AARP, the nation’s leading senior citizen lobby group, said it was “deeply disappointed” by the Obama administration’s new rules for employer-run workplace wellness programs. The lobby group said the rules “violate both the letter and the spirit” of civil rights laws such as the Americans with Disabilities Act and indicated it would likely challenge them in court.
The rules, published Monday by the Equal Opportunity Employment Commission, govern rules for employer-run “wellness programs,” a type of group health plan. The rules allow companies to request a worker’s or their spouse’s medical history and/or to conduct examinations in exchange for up to 30 percent of the cost of self-coverage. Employees are not obligated to turn over the information but can lose the opportunity to participate in the plan if they do not.

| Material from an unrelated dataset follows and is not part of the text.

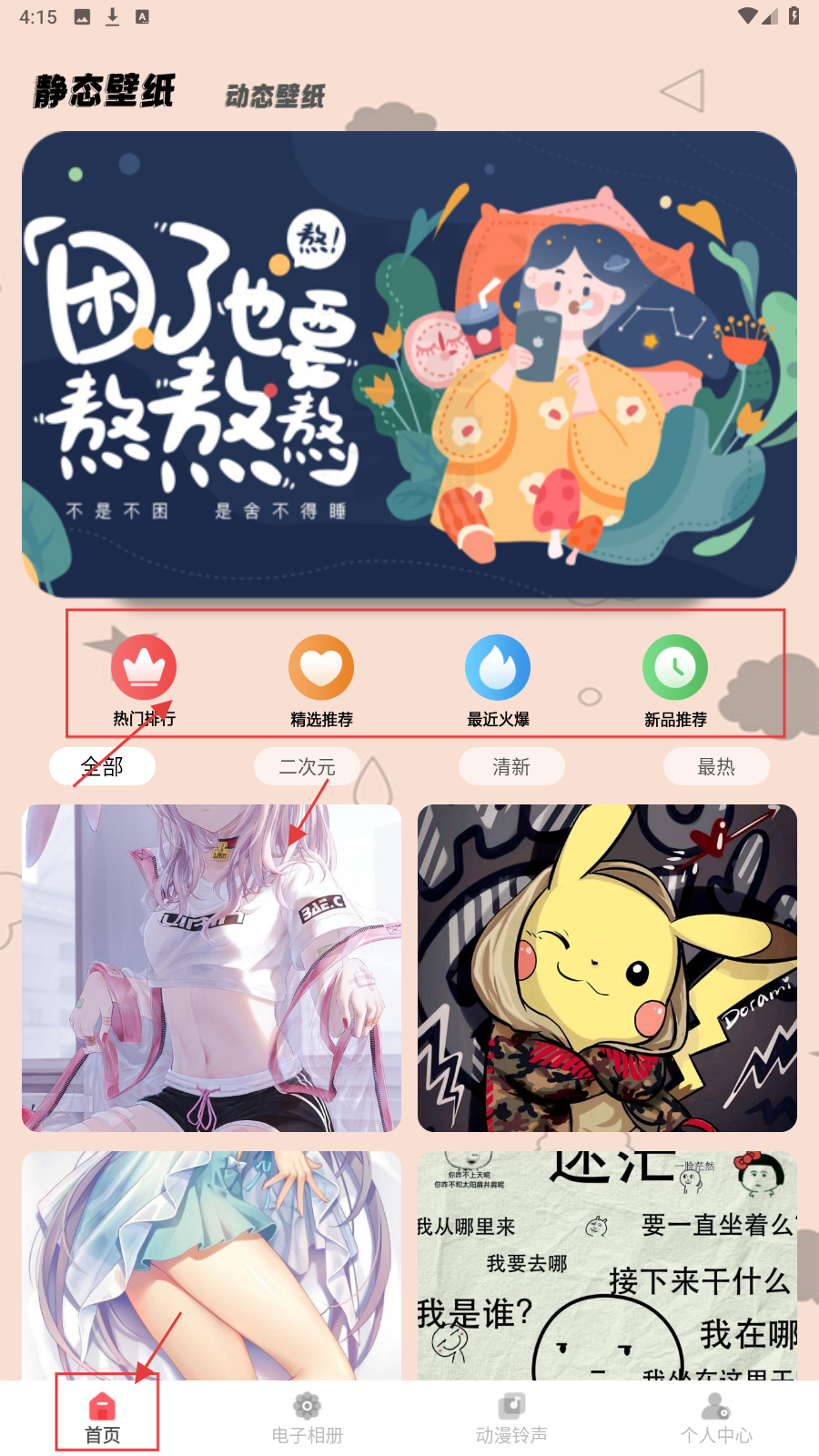 1、进入【首页】,用【热门排行】等分类找心仪静态壁纸。

The rules go into effect at the beginning of next year. They were prompted by questions from employers seeking clarification regarding how the Obamacare rule applies to wellness programs.

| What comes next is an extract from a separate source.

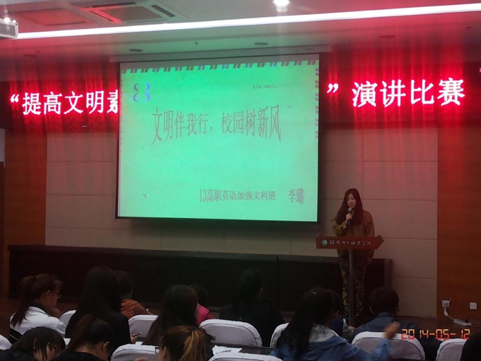 参赛选手通过演讲诠释了各自对文明素质的理解,并呼吁身边的同学们切实提高文明素质,一起努力,共创和谐美好的校园环境。最终,13高职涉外文科班的李璐同学在比赛中脱颖而出,获得了一等奖。

AARP Executive Vice President Nancy LeaMond said the rules amounted to allowing financial coercion.
“These rules put workers between a rock and hard place: Employees must now hand over sensitive medical and genetic information on themselves and their spouse to their employer’s wellness program, or protect their personal health information, forcing them to pay up to thousands of dollars more for their health insurance,” LeaMond said.
The administration defended the rules are a reasonable trade-off. “The EEOC received comments on both rules from a broad array of stakeholders and considered them carefully in developing this final rule,” said EEOC Chairwoman Jenny R. Yang.